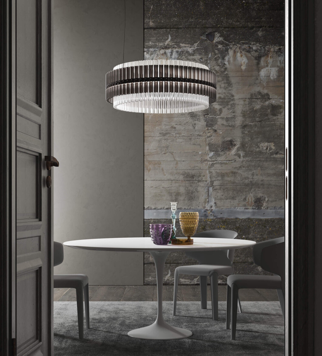 Pendant lamp composed by transparent and teak glasses with chrome metal finish.
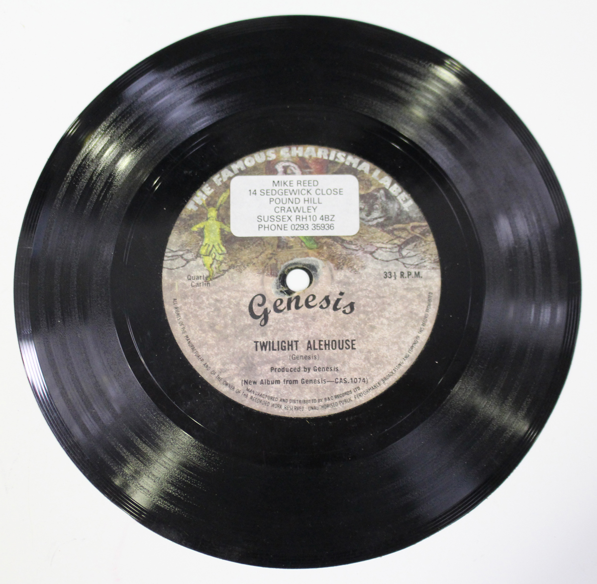A collection of 7-inch records, including a flexi disc of Twilight Alehouse by Genesis, many without original sleeves.
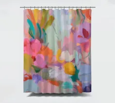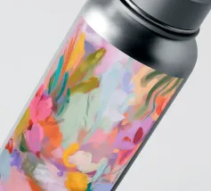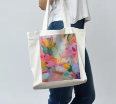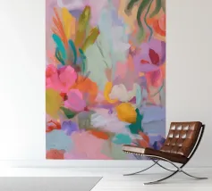 Il motivo mostra una vivace composizione floreale astratta, piena di energia e movimento. Pennellate dinamiche di rosa, arancio e verde si fondono con colori pastello tenui per creare un'arte floreale moderna. La pittura conferisce all'opera profondità e leggerezza estiva.
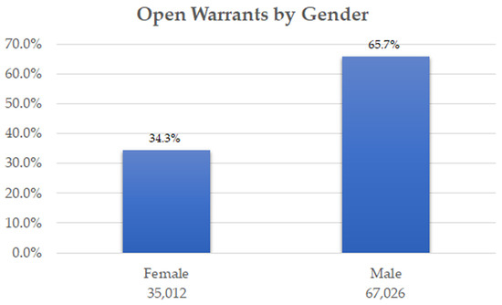 We used quantitative data on outstanding warrants that we extracted from the “City of Las Vegas Marshal—Warrant Search” website on 3 January 2021 (https://secure3.lasvegasnevada.gov/ewarrantlookup/, accessed on 3 January 2021). These warrants were issued by the Las Vegas Municipal Court between 2011 and 2021 to individuals who were ticketed or arrested within the city limits of Las Vegas, Nevada. These were the only warrant years that were publicly available. While there are other courts in Nevada, Las Vegas is the largest city in the state, and the Las Vegas Metropolitan area contains three-fourths of the state’s population. The Las Vegas Municipal court data was the only data publicly available in the Las Vegas area with the necessary information for our assessment, and we will discuss this below.

#### TASK OBJECTIVE
Nothing except the lines from the one containing "A collection of" through the one containing "Il motivo mostra" should appear in the answer, exactly as above and without pictures.

#### EXERCISE ANSWER
A collection of 7-inch records, including a flexi disc of Twilight Alehouse by Genesis, many without original sleeves.
 Il motivo mostra una vivace composizione floreale astratta, piena di energia e movimento. Pennellate dinamiche di rosa, arancio e verde si fondono con colori pastello tenui per creare un'arte floreale moderna. La pittura conferisce all'opera profondità e leggerezza estiva.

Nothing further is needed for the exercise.